*Exercise*
The listing below is to be given again in full and word for word, without its images.

*Recorded data*
------------
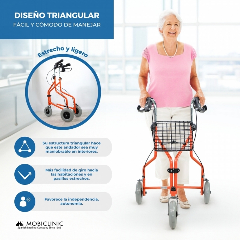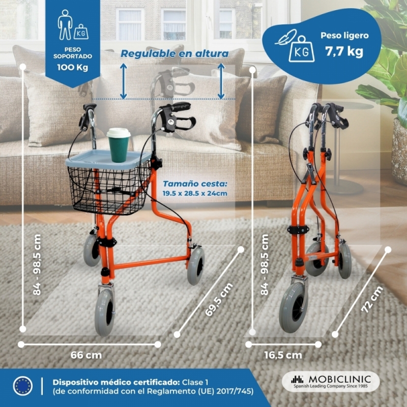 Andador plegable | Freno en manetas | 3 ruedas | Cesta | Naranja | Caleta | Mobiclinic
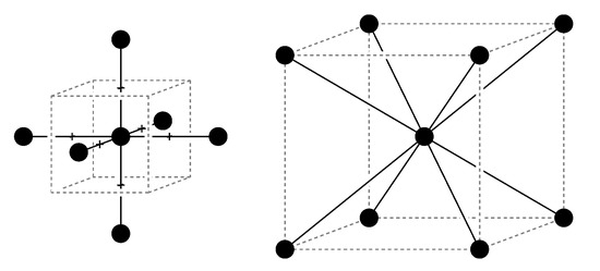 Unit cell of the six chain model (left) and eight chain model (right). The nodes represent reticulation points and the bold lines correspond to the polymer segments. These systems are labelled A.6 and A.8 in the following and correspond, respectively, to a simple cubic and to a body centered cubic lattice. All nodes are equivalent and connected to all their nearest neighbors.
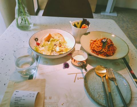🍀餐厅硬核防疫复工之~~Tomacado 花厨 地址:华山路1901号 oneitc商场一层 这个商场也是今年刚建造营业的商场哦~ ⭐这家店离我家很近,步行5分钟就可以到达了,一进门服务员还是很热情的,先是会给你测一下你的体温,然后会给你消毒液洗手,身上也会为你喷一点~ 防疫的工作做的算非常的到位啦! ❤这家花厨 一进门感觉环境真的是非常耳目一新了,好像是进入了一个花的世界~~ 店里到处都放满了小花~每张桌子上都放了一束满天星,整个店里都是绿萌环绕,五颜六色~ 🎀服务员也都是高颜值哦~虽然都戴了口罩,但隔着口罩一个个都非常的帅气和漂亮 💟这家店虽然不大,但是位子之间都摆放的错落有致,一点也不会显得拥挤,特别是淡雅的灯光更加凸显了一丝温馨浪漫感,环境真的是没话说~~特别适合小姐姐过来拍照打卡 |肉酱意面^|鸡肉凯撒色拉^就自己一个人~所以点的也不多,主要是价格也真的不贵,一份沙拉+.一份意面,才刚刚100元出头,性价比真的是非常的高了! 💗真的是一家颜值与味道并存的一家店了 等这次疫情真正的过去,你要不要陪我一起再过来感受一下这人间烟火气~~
------------
*Written reply*
 Andador plegable | Freno en manetas | 3 ruedas | Cesta | Naranja | Caleta | Mobiclinic
 Unit cell of the six chain model (left) and eight chain model (right). The nodes represent reticulation points and the bold lines correspond to the polymer segments. These systems are labelled A.6 and A.8 in the following and correspond, respectively, to a simple cubic and to a body centered cubic lattice. All nodes are equivalent and connected to all their nearest neighbors.
🍀餐厅硬核防疫复工之~~Tomacado 花厨 地址:华山路1901号 oneitc商场一层 这个商场也是今年刚建造营业的商场哦~ ⭐这家店离我家很近,步行5分钟就可以到达了,一进门服务员还是很热情的,先是会给你测一下你的体温,然后会给你消毒液洗手,身上也会为你喷一点~ 防疫的工作做的算非常的到位啦! ❤这家花厨 一进门感觉环境真的是非常耳目一新了,好像是进入了一个花的世界~~ 店里到处都放满了小花~每张桌子上都放了一束满天星,整个店里都是绿萌环绕,五颜六色~ 🎀服务员也都是高颜值哦~虽然都戴了口罩,但隔着口罩一个个都非常的帅气和漂亮 💟这家店虽然不大,但是位子之间都摆放的错落有致,一点也不会显得拥挤,特别是淡雅的灯光更加凸显了一丝温馨浪漫感,环境真的是没话说~~特别适合小姐姐过来拍照打卡 |肉酱意面^|鸡肉凯撒色拉^就自己一个人~所以点的也不多,主要是价格也真的不贵,一份沙拉+.一份意面,才刚刚100元出头,性价比真的是非常的高了! 💗真的是一家颜值与味道并存的一家店了 等这次疫情真正的过去,你要不要陪我一起再过来感受一下这人间烟火气~~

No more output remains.